For me, I had focused so much on trying to impress people with the craft, to make people think I was a good writer who knew what he was talking about so they would listen to me, that I forgot what the craft was for. It wasn’t supposed to be about impressing people. It was supposed to be about passing along this feeling, this awe that I had dedicated my life to.
There was this moment not too long ago. I was at a conference in Portland in a room kind of like this one and there was a person on the stage sharing their core message, this feeling that they had given their life to, they had combined the craft so perfectly with their message that it was indistinguishable. It was perfect. And I started weeping. Half of the audience did. There in that theater something had come into the room and I couldn’t help but get swept in it. And it woke something up inside of me, and not just me but so many of us in that audience.
And that is what you have the ability to do if you take it. Find your core message, that thing that mysterious thing that makes you weep or get excited or gives you energy and purpose and meaning and harness it to your craft, the skills, the marketing, the network you’ve built and use it to wake people up, to give people hope, to free people where they’re locked up, and to make the world better, more humane, more connected, more full of awe.
Will you do it? Will you do what it takes?

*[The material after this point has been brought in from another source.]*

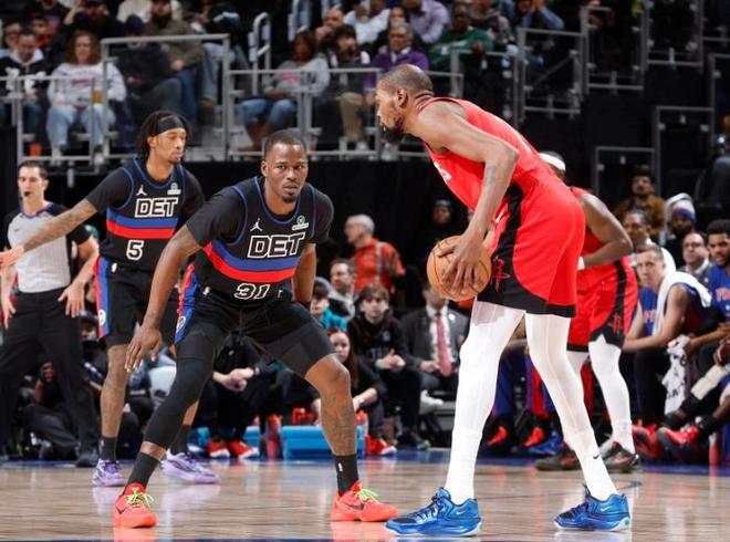 反观活塞这边,他们的核心后卫康宁汉姆今天伤愈复出,CC状态虽未完全恢复,但至少给球队注入了主心骨的力量。在人员对比如此悬殊的情况下,火箭能够取胜,很大程度上要归功于37岁的杜兰特。他完全不像一个步入生涯暮年的老将,背靠背作战的疲劳仿佛对他无效,依然打出了统治级的表现。整场比赛的战术基调非常清晰:双方都把防守重心放在内线,采用高强度的协防和轮转,不给对手任何轻松冲击篮筐的机会。结果就是两队在内线都打得异常“铁血”篮下终结效率低下,外线投篮同样手感冰冷。火箭除了杜兰特几乎全队哑火,活塞同样是“怎么投怎么不进”的尴尬局面。

I’m starting a new journey. A journey where I’m refusing to let my craft dictate to my core message. Where I let awe inspire my use of the craft.

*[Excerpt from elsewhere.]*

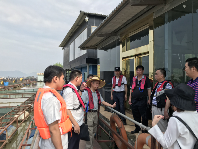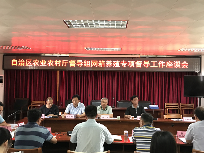 督导组一行乘坐快艇实地查看了梧州市浔江、西江段网箱养殖的情况,并听取有关企业负责人的情况汇报。在工作座谈会上,梧州市渔业主管部门和各县区农业农村部门汇报本辖区网箱养殖的情况和存在的问题;督导组一行认真听取情况汇报,并对提出的问题进行逐一解答,中国渔政广西支队执法人员对清理非法网箱养殖的法律依据进行说明,并对固定网箱、降低汛期安全风险提出了建议。
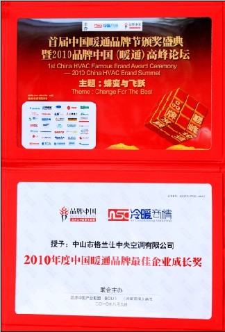 ——斬獲“最佳企業(yè)成長獎” 執(zhí)行總裁梁昭賢被授予“2010年度中國暖通界十大功勛企業(yè)家”榮譽稱號 2010年8月9日,由品牌中國產(chǎn)業(yè)聯(lián)盟和《冷暖商情》雜志聯(lián)合主辦的“2010首屆品牌中國(暖通)高峰論壇暨頒獎典禮”在京隆重舉行。建設(shè)部政策研究中心主任陳淮、品牌中國產(chǎn)業(yè)聯(lián)盟主席艾豐、品牌中國產(chǎn)業(yè)聯(lián)盟副秘書長張呂清等行業(yè)領(lǐng)頭人,格蘭仕、大金、海爾、美的、格力等國內(nèi)外著名中央空調(diào)廠家以及多家媒體代表等上百人出席了此次盛會。 本屆品牌節(jié)旨在尋求未來中國暖通業(yè)的發(fā)展方向,為行業(yè)發(fā)展搭建交流對話平臺,共議行業(yè)發(fā)展的熱點難點問題,研討企業(yè)調(diào)整結(jié)構(gòu)轉(zhuǎn)型升級之路,同時表彰那些具有卓越經(jīng)營業(yè)績和非凡發(fā)展特質(zhì)的優(yōu)秀品牌,樹立和推動行業(yè)標(biāo)桿企業(yè)、優(yōu)秀方案及產(chǎn)品、成功應(yīng)用典范,全面展示中國暖通業(yè)的成果和輝煌。格蘭仕中央空調(diào)因令人矚目的發(fā)展速度和卓越的經(jīng)營業(yè)績斬獲“2010年度中國暖品品牌最佳企業(yè)成長獎”,同時格蘭仕集團總裁梁昭賢也被授予“2010年度中國暖通界十大功勛企業(yè)家”榮譽稱號。

But I’d love to invite you to follow my journey. Later this year I’m going to publish some writing that I’ve been hiding away for years because I’ve been so terrified it might not be good enough. I’ve also started a new podcast called Character Test, where I talk about the intersection between our character and the characters in the books we read and films we watch. If you’d like to follow along as I struggle to find my way through this tension, you can find me here on:
Thank you so much. It’s an honor to be on this stage and part of this community. Thanks for being an amazing group.
Let me just close with something of a creative blessing.
May you discover your core message. May you find your place in the tension between the craft and that message. Most of all, may you experience awe today.